Assignment
Among the following entries, say how many lines contain the word "parte"; the answer is a number and nothing else.

Task input
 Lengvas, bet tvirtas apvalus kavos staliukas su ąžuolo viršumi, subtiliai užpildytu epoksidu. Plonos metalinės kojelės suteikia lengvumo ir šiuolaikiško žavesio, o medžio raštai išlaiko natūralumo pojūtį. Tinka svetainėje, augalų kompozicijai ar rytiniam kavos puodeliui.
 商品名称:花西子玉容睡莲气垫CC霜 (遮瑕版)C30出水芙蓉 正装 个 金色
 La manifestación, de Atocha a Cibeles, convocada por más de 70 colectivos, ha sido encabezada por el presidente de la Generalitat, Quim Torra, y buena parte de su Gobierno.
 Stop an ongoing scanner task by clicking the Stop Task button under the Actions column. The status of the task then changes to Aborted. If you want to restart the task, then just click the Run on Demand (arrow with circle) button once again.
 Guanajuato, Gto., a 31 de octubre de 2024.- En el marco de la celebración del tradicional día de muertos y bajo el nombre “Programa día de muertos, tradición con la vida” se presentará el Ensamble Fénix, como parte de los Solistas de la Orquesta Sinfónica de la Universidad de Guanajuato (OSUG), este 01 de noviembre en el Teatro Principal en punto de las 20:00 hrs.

==

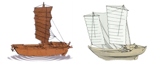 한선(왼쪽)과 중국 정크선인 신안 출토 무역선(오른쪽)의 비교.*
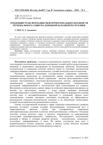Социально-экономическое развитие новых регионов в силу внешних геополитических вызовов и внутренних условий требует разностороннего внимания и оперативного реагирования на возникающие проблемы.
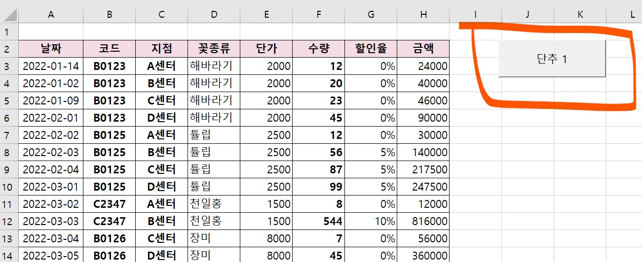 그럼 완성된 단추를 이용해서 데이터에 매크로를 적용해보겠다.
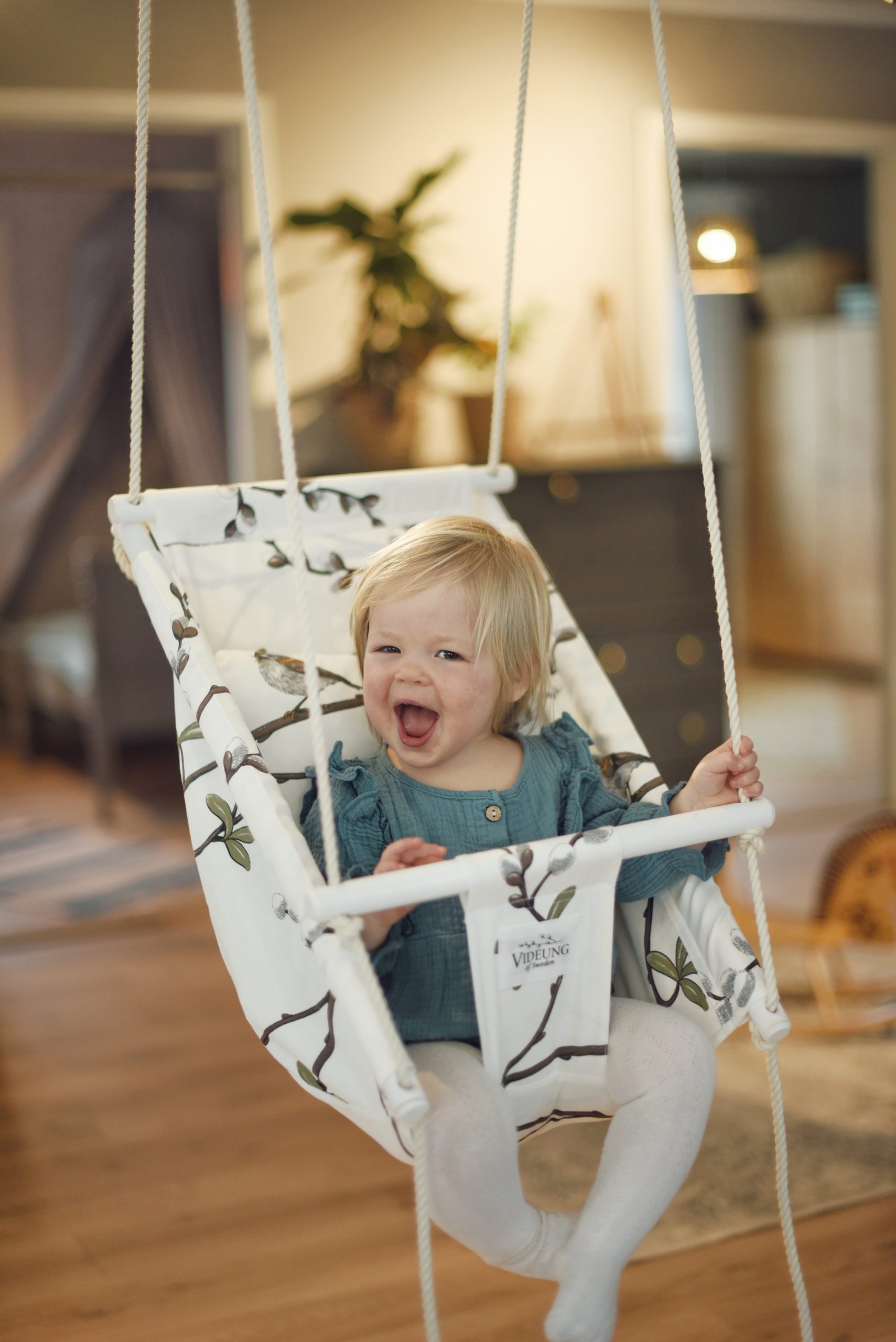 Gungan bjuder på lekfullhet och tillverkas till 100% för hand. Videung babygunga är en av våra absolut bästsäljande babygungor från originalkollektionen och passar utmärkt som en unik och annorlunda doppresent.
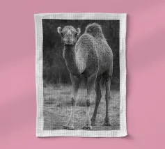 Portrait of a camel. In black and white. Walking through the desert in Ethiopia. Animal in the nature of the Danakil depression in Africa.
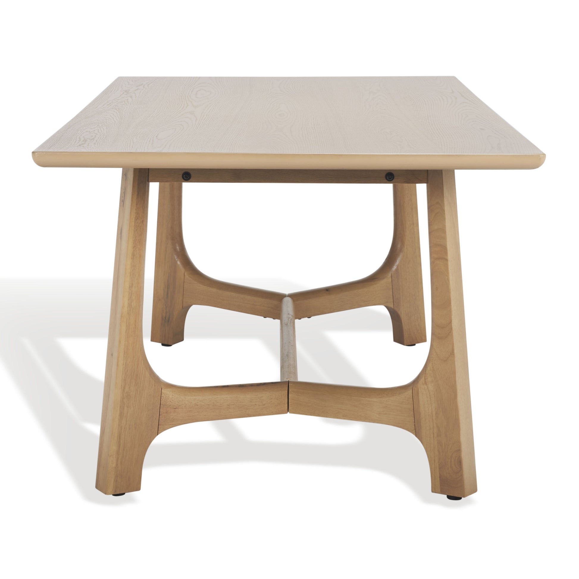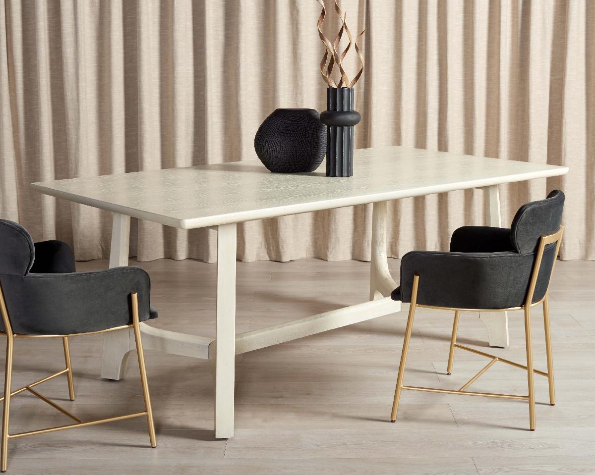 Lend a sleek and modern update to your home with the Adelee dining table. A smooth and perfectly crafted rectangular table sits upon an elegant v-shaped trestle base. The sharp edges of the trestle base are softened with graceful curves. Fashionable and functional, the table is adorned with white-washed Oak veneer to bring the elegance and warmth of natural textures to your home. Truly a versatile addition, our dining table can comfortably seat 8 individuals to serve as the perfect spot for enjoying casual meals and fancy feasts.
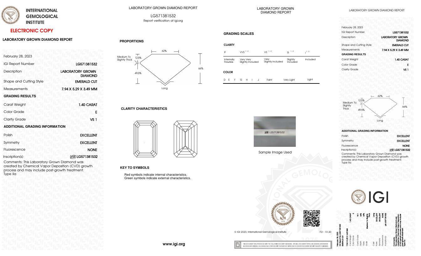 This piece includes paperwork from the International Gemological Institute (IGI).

--

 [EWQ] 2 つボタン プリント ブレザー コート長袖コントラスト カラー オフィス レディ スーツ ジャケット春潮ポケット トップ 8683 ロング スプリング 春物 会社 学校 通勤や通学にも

Output for this exercise
2